樹乾突兀裂開一條極深的縫隙,一枚卵圓形的果實從縫隙中滾出來,落到霍裡斯腿上。
“這是芯片,外層的果殼能防止它被追蹤到……收好了,帶上派西去找克洛托的‘絲線蠶’,你們會知道一切的。”
派西斯的聲音變得愈發虛弱,謝琅瞧見原本用來支撐它站立的發達根係正逐漸開裂,落到地毯上就化作一捧灰褐色的灰。
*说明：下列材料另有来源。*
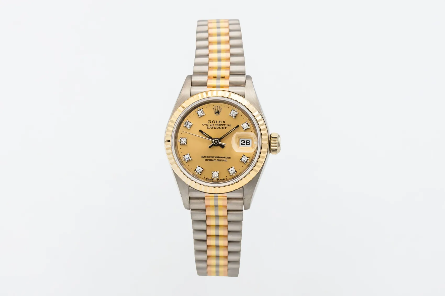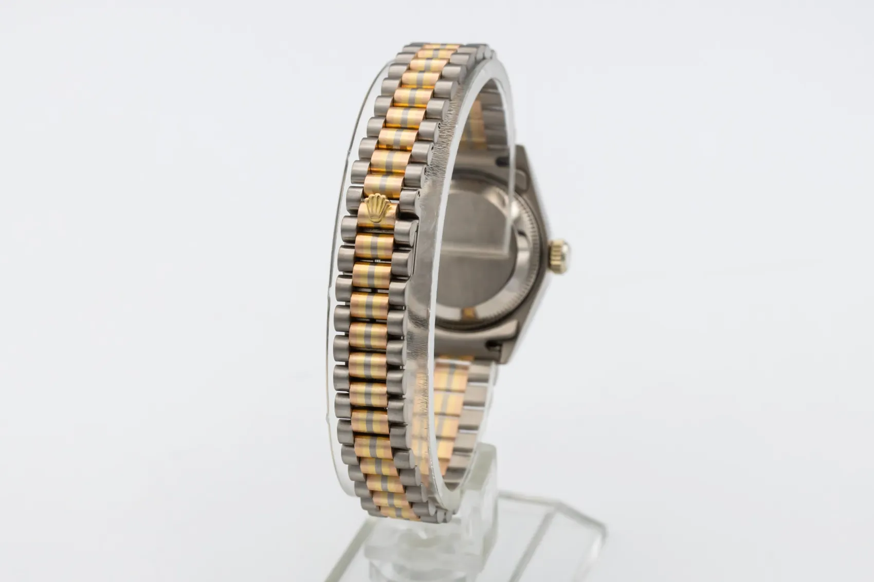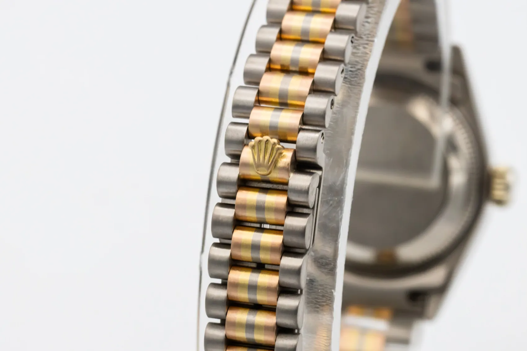 The Tridor variation was developed as a more luxurious interpretation of the President bracelet, blending three gold tones in one design to showcase Rolex’s precious metal craftsmanship. Produced in limited numbers, Tridor models such as the reference 69179 are now especially sought after by collectors for their rarity and distinctive aesthetic.
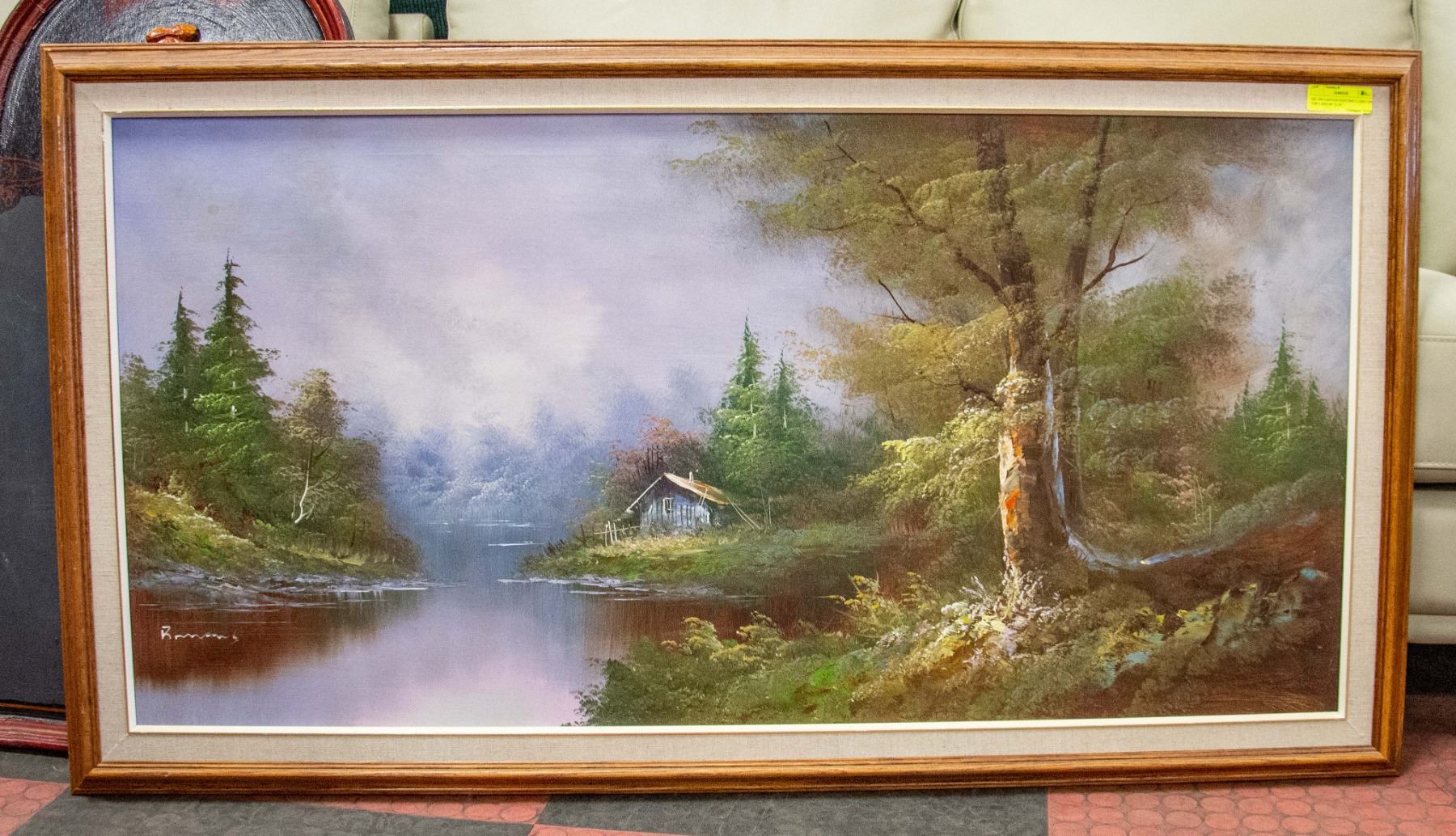 OIL ON CANVAS PAINTING CABIN ON THE LAKE 48" X 24"

“營養液配得很好,”它似乎深深地看了謝琅一眼,又轉眼看向霍裡斯,“我在‘環形山’時,也最喜歡小奧菲配的營養液。”
派西斯的身軀變得愈發矮小——它正在逐漸化作地毯上的灰燼,霍裡斯和謝琅下意識想伸手撈住它,卻隻能見到被觸碰到的枝乾在手中也化為塵灰。
“我最後的果實在你腿上呢,現在也來不及找洛桑卓瑪了。”
謝琅抄起裝有芯片的果實,試圖塞回它樹乾上方才裂開的縫隙裡,卻死活塞不進去。
“我們能做什麼?”焦急之下,她忍不住大聲問,“這芯片到底有什麼用?”
“你們會知道的……”
它的聲音隨著樹乾上的人臉部分也逐漸化作灰燼而變得模糊不清。
“至於你們能做些什麼?”
“一個被軍部判定死亡的少將,和一個被判定失蹤的次席研究員,能做的事……”
“可比洛桑卓瑪這個要守在邊緣星域的人多了去了……”
話音尚還在臥室中回蕩,謝琅就眼睜睜看見它整棵樹都委頓在地,頃刻間化作一捧細碎的灰。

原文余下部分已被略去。